BEGIN SUPPLIED RECORDS
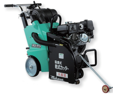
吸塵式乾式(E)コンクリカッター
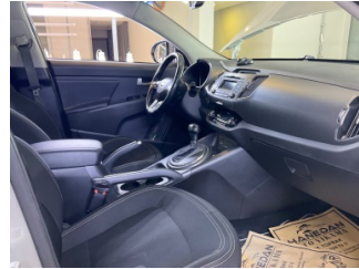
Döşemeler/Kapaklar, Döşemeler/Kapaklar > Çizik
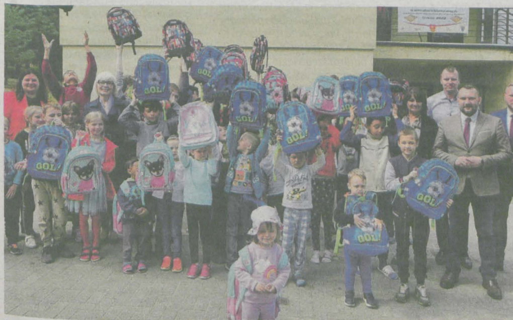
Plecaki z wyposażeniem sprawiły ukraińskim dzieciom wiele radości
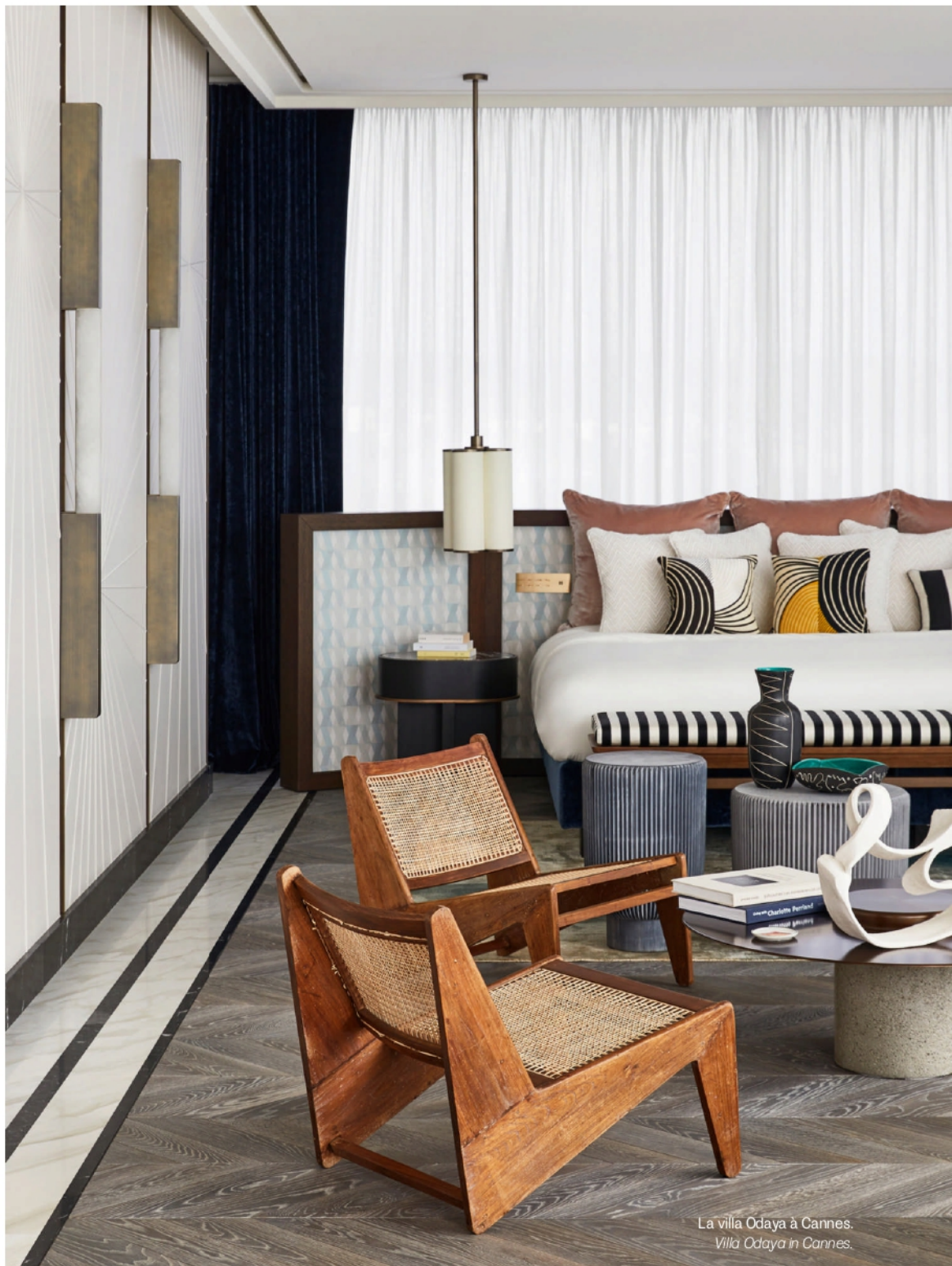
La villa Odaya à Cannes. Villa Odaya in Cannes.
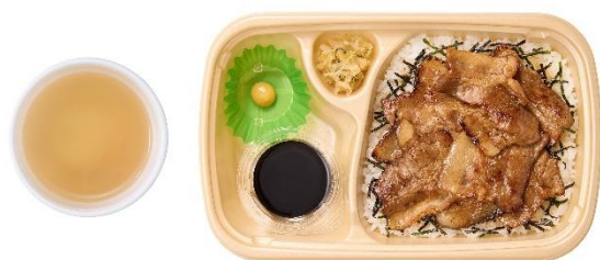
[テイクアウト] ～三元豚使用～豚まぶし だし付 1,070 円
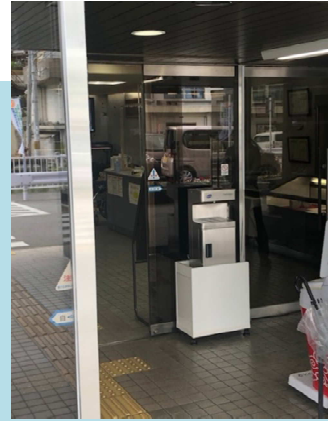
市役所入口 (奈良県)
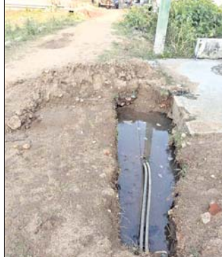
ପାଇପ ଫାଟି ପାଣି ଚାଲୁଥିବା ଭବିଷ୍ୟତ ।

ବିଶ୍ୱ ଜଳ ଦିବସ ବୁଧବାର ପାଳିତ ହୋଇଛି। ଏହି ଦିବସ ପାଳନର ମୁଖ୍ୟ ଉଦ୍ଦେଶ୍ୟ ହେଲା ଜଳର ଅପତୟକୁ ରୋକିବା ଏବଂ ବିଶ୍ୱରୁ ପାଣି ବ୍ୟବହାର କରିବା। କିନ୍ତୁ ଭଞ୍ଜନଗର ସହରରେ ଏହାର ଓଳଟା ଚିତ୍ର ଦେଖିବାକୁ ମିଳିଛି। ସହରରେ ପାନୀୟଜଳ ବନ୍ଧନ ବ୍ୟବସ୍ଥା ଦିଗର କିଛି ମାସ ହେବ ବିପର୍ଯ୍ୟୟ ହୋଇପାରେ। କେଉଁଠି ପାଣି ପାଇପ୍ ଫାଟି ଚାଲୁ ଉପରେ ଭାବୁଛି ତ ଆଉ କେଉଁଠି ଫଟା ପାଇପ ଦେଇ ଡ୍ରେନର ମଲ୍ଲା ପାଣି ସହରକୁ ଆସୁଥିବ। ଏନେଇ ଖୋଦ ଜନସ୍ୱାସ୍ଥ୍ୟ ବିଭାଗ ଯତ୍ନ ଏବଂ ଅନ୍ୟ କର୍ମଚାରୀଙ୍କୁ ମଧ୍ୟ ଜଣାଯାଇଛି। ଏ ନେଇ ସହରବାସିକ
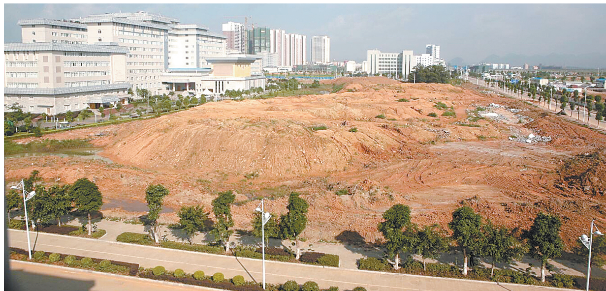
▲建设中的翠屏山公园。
END SUPPLIED RECORDS
BEGIN SUPPLIED RECORDS
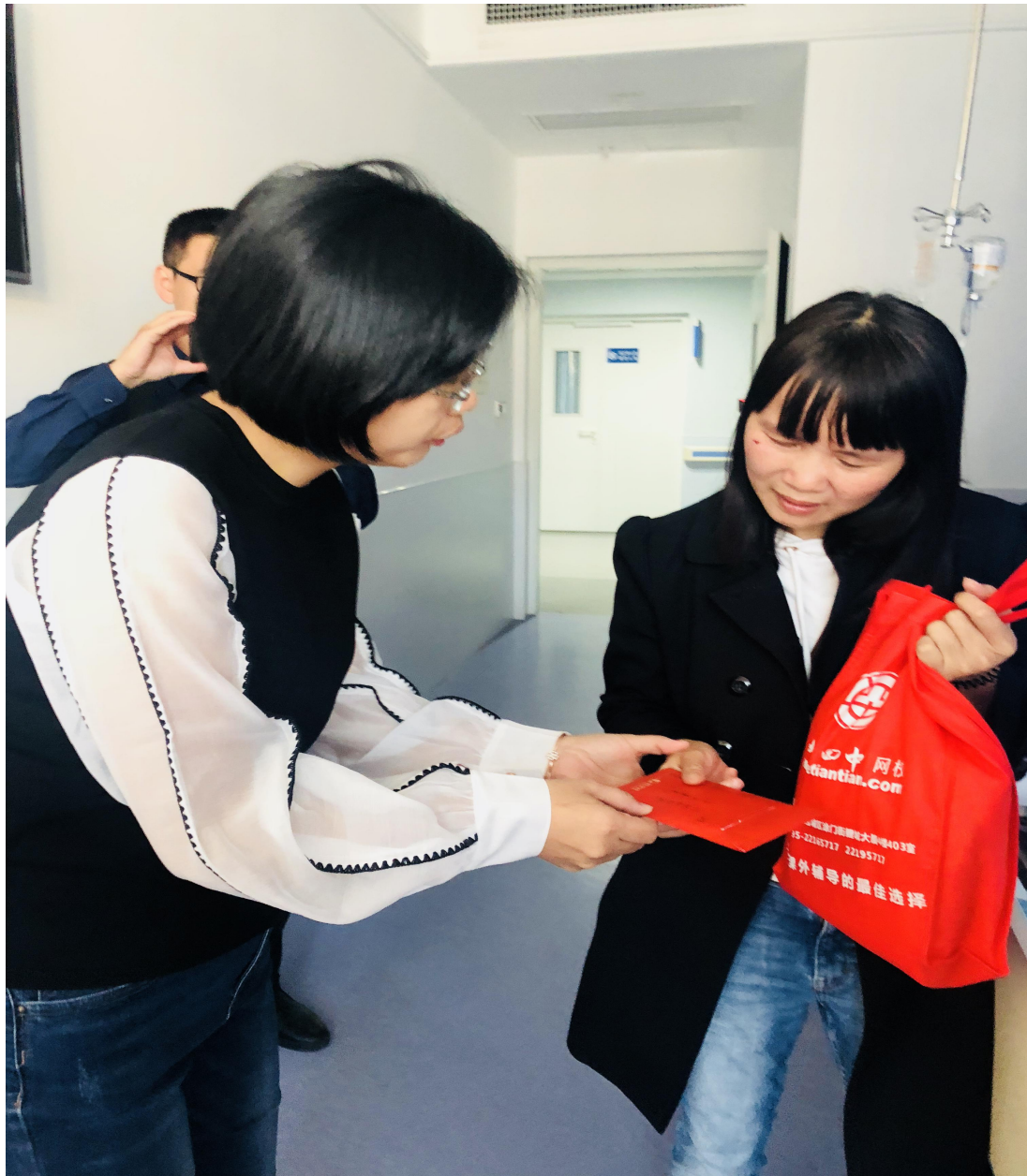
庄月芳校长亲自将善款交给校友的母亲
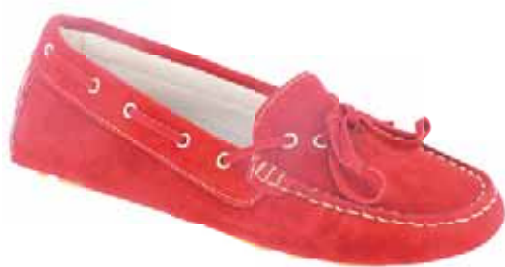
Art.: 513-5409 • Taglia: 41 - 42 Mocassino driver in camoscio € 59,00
END SUPPLIED RECORDS
(EXERCISE INSTRUCTIONS): All pictures are to be skipped. Output, word for word, the lines in the data above starting at the line containing "Plecaki z wyposażeniem" and ending at the line containing "ପାଇପ ଫାଟି ପାଣି ଚାଲୁଥିବା ଭବିଷ୍ୟତ ।".

(SOLUTION BELOW):
Plecaki z wyposażeniem sprawiły ukraińskim dzieciom wiele radości
La villa Odaya à Cannes. Villa Odaya in Cannes.
[テイクアウト] ～三元豚使用～豚まぶし だし付 1,070 円
市役所入口 (奈良県)
ପାଇପ ଫାଟି ପାଣି ଚାଲୁଥିବା ଭବିଷ୍ୟତ ।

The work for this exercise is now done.